Otworzył drzwi po prawej stronie.

– To mój gabinet. – Zaprosił ją do środka.

Nagle miała ochotę odwrócić się i uciec. Dlaczego? Uratował jej życie, a teraz miałby ją skrzywdzić? Zdjęła torebkę z ramienia, przycisnęła do piersi, ma przy sobie pistolet. Cholera, po tym, co przeszła w ciągu ostatnich miesięcy, nie potrafiła nikomu zaufać.
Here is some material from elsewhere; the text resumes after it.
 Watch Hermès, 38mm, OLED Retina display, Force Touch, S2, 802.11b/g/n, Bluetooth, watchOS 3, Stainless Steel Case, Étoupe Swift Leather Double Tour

I to właśnie było najgorsze. Zawsze będzie sama. A tak bardzo pragnęła normalnego życia – męża, dzieci, pracy, ładnego domku w ładnej dzielnicy, najlepiej z białym płotem. Zwykłego życia, do cholery. Ale nigdy go nie dostanie. Rosjanie nie zabili jej tak jak Karen, ale i tak odebrali jej życie.
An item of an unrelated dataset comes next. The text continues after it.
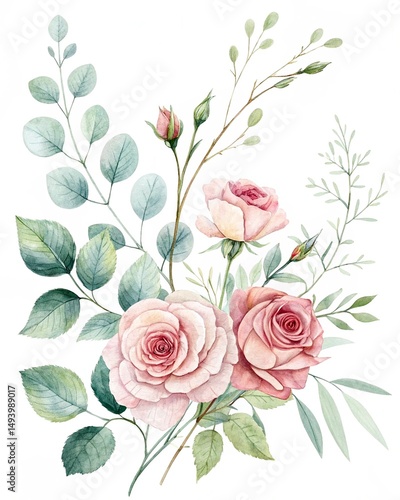 rose, flower, floral, bouquet, flower, love, pink, vector, rose, nubes, valentine, card, wedding, nature, vintage, spring, decoration, pattern, design, illustration, frame, blossom, beauty, art, leaf

Wyprostowała się i weszła do obszernego pomieszczenia. Rozejrzała się, ciekawa, jakie meble wybrał Roman, ale jej uwagę zwrócił ruch po przeciwnej stronie gabinetu. Z półmroku wynurzyły się dwie postacie: Connor i Gregori. Powinna odetchnąć z ulgą, ale ich miny budziły niepokój. W pokoju nagle zrobiło się zimno. Bardzo zimno. Lodowaty podmuch omiótł jej głowę.
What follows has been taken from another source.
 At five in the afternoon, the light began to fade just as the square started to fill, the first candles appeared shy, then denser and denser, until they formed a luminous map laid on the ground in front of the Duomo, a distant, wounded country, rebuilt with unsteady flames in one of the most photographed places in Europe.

Zadrżała, odwróciła się do drzwi.

– Roman?

Zamknął drzwi na klucz i wsunął go do kieszeni. Przełknęła ślinę.

– Co się dzieje?

Patrzył na nią z ogniem w złotych oczach. Podszedł bliżej i szepnął:

– Już czas.

Rozdział 7

Wampiry od stuleci posługują się kontrolą umysłu. W ten sposób najłatwiej przekonać śmiertelnika, by z własnej woli zaofiarował się jako źródło pożywienia. I tylko tak mogą pozbawić go wspomnień o tym zajściu, kiedy jest już po wszystkim. W czasach przed wynalezieniem sztucznej krwi Roman co noc uciekał się do hipnozy i kontroli myśli. Nigdy nie miał z tego powodu wyrzutów sumienia. Była to kwestia życia lub śmierci. Normalne.